Thomson’s first tried to negotiate a more flexible contract with the policemen’s union. He failed. At his urging, the city government then disbanded the entire municipal police department. From that point onward, city policing was to be carried out by a newly formed county police department, under Thomson’s leadership. Even though the pay and benefits were less, 2,000 applied for the 400 positions on the force.
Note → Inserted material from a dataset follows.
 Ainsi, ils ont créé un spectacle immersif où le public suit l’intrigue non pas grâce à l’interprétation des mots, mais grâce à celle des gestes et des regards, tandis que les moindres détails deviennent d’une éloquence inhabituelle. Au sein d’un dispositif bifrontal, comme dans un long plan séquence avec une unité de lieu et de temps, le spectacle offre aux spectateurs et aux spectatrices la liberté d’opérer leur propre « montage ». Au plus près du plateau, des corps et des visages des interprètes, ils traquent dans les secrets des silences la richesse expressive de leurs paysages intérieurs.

Residents saw immediate changes. Officers were out in the neighborhoods much more. New officers were “encouraged” to knock on doors, introducing themselves and asking residents for suggestions about how the department could do a better job. The drug trade did not disappear, but was driven underground. The mindset of police officers was transformed from “warrior” to “guardian.” The emphasis shifted from making arrests to making residents feel safe. The police sponsored ice cream trucks, and hosted block parties and barbeques. As the Catholic bishop of Camden said, Thomson ushered in an ethos of respect for residents.
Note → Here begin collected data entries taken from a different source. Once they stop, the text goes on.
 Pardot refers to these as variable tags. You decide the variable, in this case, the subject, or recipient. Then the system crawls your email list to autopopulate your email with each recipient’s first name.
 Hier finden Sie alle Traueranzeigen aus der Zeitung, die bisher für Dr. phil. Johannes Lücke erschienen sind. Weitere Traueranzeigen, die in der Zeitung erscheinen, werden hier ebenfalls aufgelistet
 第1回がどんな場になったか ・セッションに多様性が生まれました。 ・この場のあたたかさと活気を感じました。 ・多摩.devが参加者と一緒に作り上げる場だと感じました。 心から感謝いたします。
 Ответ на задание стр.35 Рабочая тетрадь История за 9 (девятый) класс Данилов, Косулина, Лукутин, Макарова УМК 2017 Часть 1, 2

The change has resulted in a substantial drop in crime, especially violent crime. From 2012 to 2019, the number of homicides fell by ~60% – from 67 to 24. Even with the turmoil of 2020, it was roughly the same – 23. Total violent crimes dropped by almost 50% over that same eight-year period. Excessive force complaints decreased by 95% (only 3 last year).

But still there are critics. They note that crime has decreased but has not disappeared. Camden’s residents are still poor; far too many are unemployed; there are disparities in health care. In effect, the critics are saying to take money away from crimestopping to try to treat the community’s other social ills.
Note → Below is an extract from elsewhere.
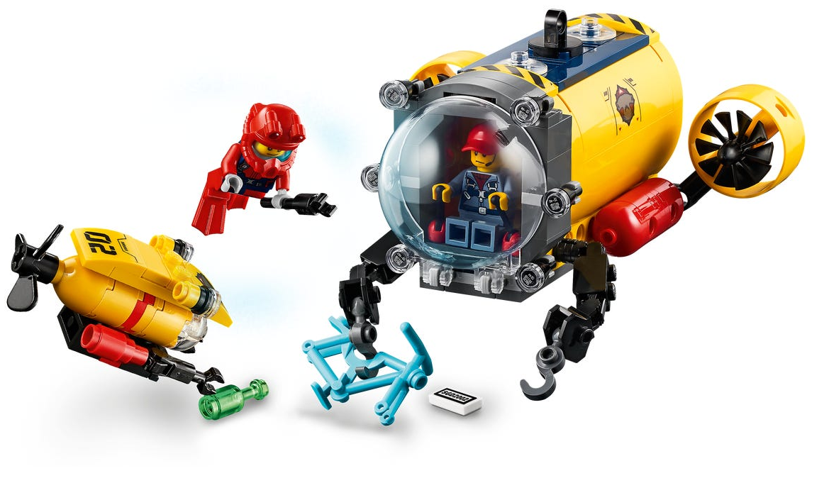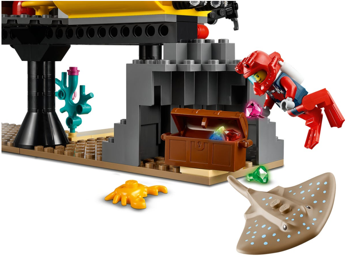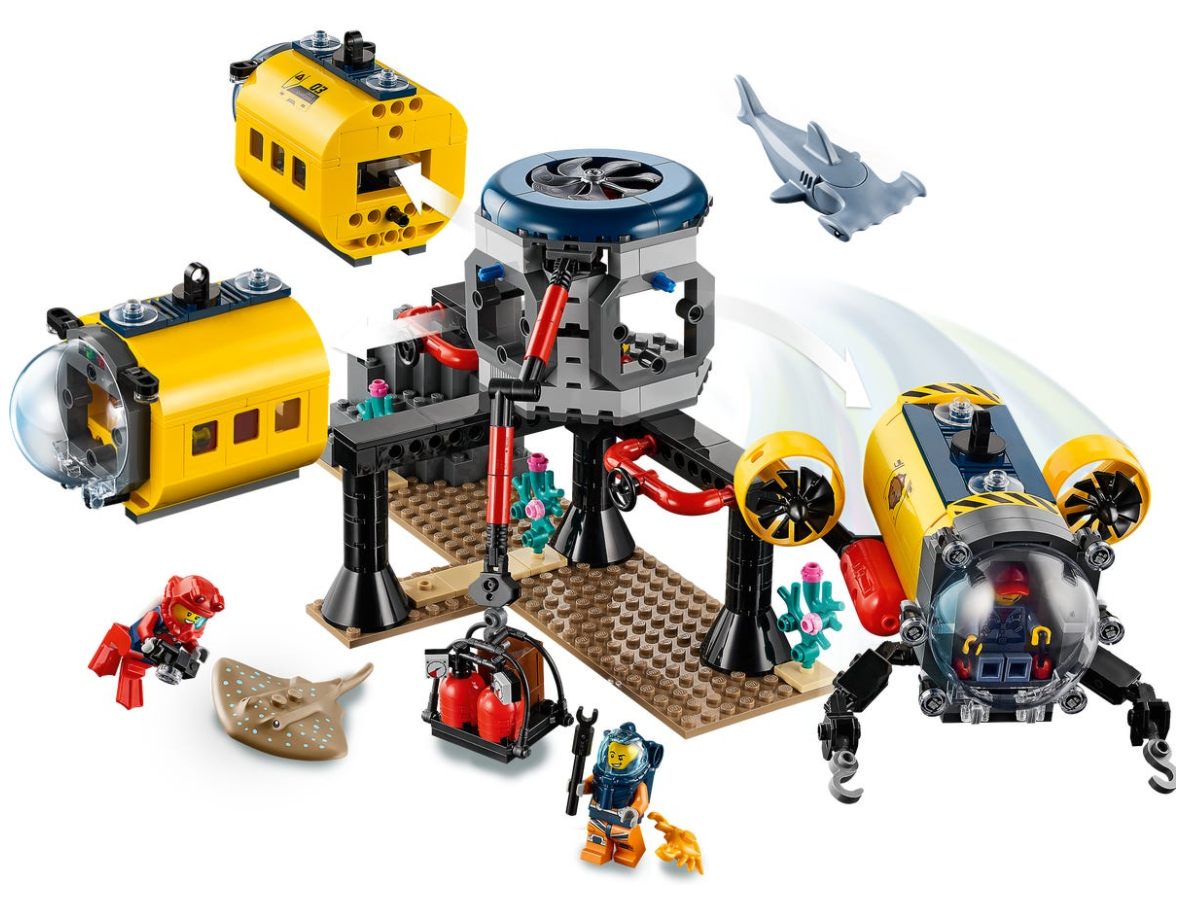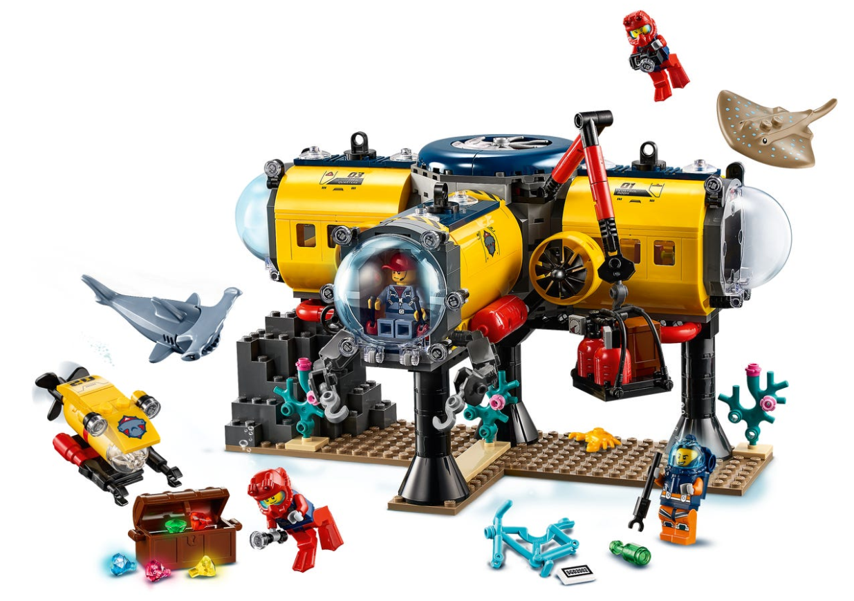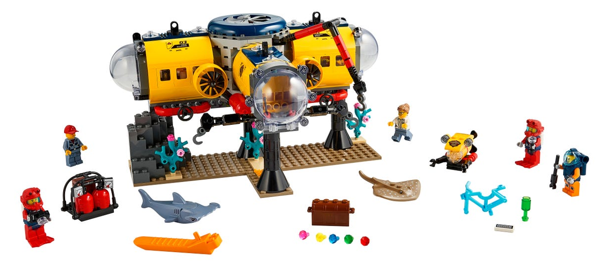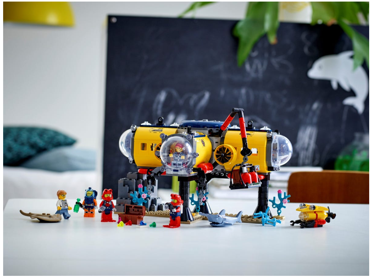 - W bazie badaczy oceanu LEGO® City dzieci znajdą wymienne moduły mieszkalny i naukowy, dokującą łódź podwodną zruchomymi ramionami badawczymi, kręcącą się śrubą i otwieranym kokpitem, w którym można posadzić dwie minifigurki.

To me, these criticisms miss the mark. The safety of its citizens and their property is one of the essential foundations of a community. It is nearly impossible for the poor to climb out of poverty without this firm foundation – opportunity cannot flourish if safety languishes.

What Thomson achieved exemplifies Burke’s quote above. He and his peers in city government conceived a new – and demonstrably better – way to ensure the public’s safety. They molded public opinion so that residents would accept these tough decisions. And they made their conception a reality. Instead of sitting in their precincts waiting for crime to boil over, police officers are out in the community taking its temperature and turning down the heat however they can. Residents are part of the solution, not impediments. This is not perfection but certainly is progress.

And perhaps that progress is why mention of the Camden Way ended so quickly: it didn’t fit the Narrative. The narrative that the police are evil warriors wallowing in prejudice; that they are the cause of crime and not its solution; that our communities can flourish better without them. And that we thus need less, not more, policing.

An honest recounting of what Camden has achieved belies that narrative. Thomson, et al., changed “public opinion and humor” – the community’s view of the police – not through less but through more – and more effective – policing. Those cities that have tried the other way – defunding the police – have had more crime and less safety.

And indications are that at least some of these formerly flourishing communities – Portland, Seattle – are already suffering, as those who can – leave. Small business owners, in particular – those who buy the uniforms for Little League, who display signs for local events, whose coffee houses and restaurants are where the community’s sense of itself are nurtured – are leaving, eroding the community’s tax base for certain, but also taking with them important parts of the community’s heart and soul. The coming days will be the ultimate test of the resilience of these communities, let us hope they can heal their wounds and regain their vitality.